En la primera lectura y en el Evangelio de este domingo XXVII del tiempo ordinario Ciclo B sobresale una expresión estrechamente relacionada con la concordia conyugal. Me refiero a «una sola carne» (= una caro). Hace solo unas semanas el mundo de las estadísticas matrimoniales sacó a la luz un balance de intensa oscuridad y honda preocupación: el porcentaje de separaciones de los últimos cinco años había ascendido al 50%. La cifra se las trae. Y para el caso que pretendo tratar aquí no deja de ser un aldabonazo en la conciencia de tantas parejas cristianas en trance de contraer matrimonio.

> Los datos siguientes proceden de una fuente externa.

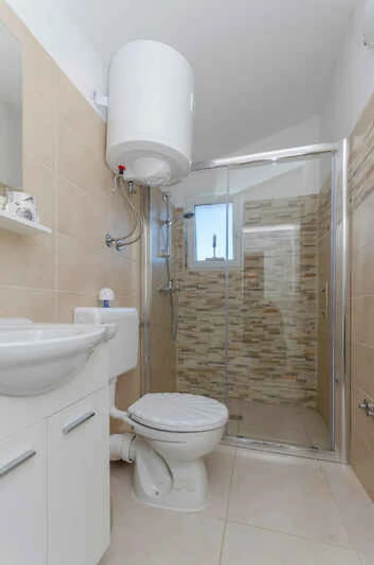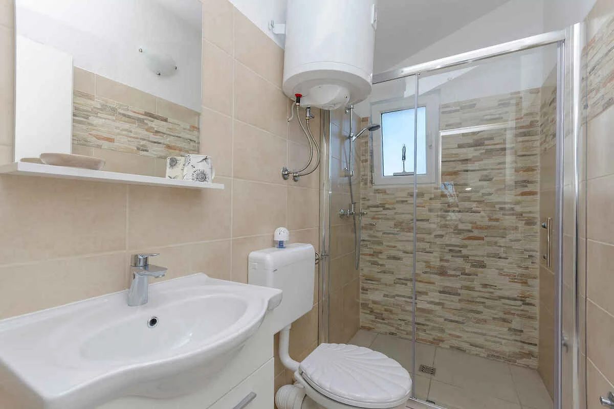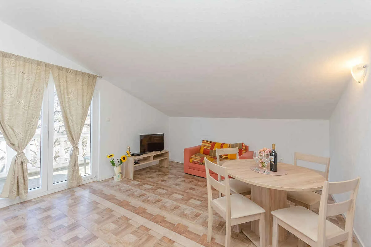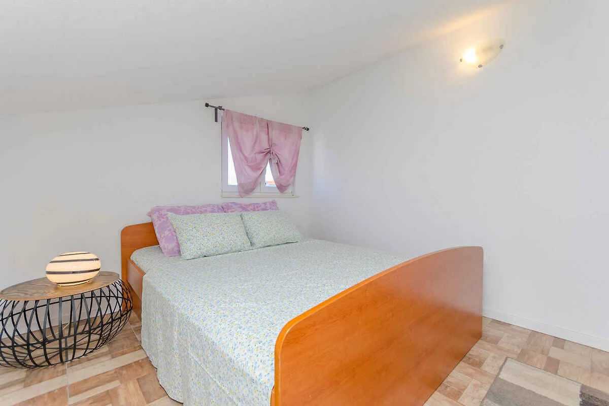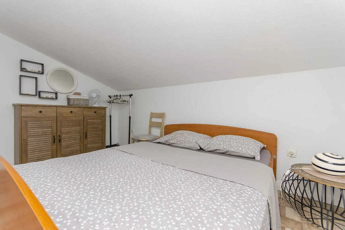 Wejście do Państwa apartamentu wakacyjnego znajduje się na 2. piętrze i prowadzi bezpośrednio do salonu. Salon (pomieszczenie przechodnie) z 2 dodatkowymi miejscami do spania na kanapie, TV, kącikiem jadalnym (4 miejsca) oraz wyjściem na taras (10 m², meble ogrodowe, 1 stół, 3 krzesła). Sypialnia (10 m²) z 1 łóżkiem podwójnym. Aneks kuchenny w salonie z klimatyzacją, kuchenką elektryczną (2 pola), piekarnikiem, lodówką (z zamrażalnikiem) oraz czajnikiem elektrycznym. Łazienka z prysznicem, 1 umywalką, WC i oknem.

Leemos, efectivamente, en el libro del Génesis: «Por eso abandonará el hombre a su padre y a su madre, se unirá a su mujer y serán los dos una sola carne» (Gn 2,24). La frase apunta, según san Juan Crisóstomo, a lo más hondo del matrimonio (= agapés mysterion) [In ep. ad Col.12, 5]. Y es que en mía sarx (= una caro) se dan cita valores antropológicos y teológicos de carácter fundamental y permanente. Por de pronto, se trata de una comunidad que es comunión, o sea verdadera koinonía que desborda el ámbito de lo puramente sexual y corpóreo, pues comprende la esfera toda de lo interpersonal.

En los Setenta, por otra parte, «se unirá a su mujer y serán los dos una sola carne» debería traducirse por «se unirá a su mujer para formar los dos una sola carne» (Gn 2,24). Y es que, de los avatares que con el paso del tiempo se vayan sucediendo para el hombre –varón y mujer- dependerá también la suerte del matrimonio y, en consecuencia, de la familia. Pocos textos de la Escritura contienen, en lo que al hombre dualizado (varón y hembra) se refiere, la riqueza antropológica y teológica de Gn 2,24.

Al hilo de lo cual creo que viene bien recordar que en «se unirá a su mujer» tenemos un futuro pasivo del verbo griego prosokollao, que traduce el hebreo dabaq y que corresponde en castellano, y en voz pasiva, a estar fuertemente adherido a, lo que denota, desde el punto de vista etimológico, la fuerza de la comunidad o koinonía que la una caro instaura.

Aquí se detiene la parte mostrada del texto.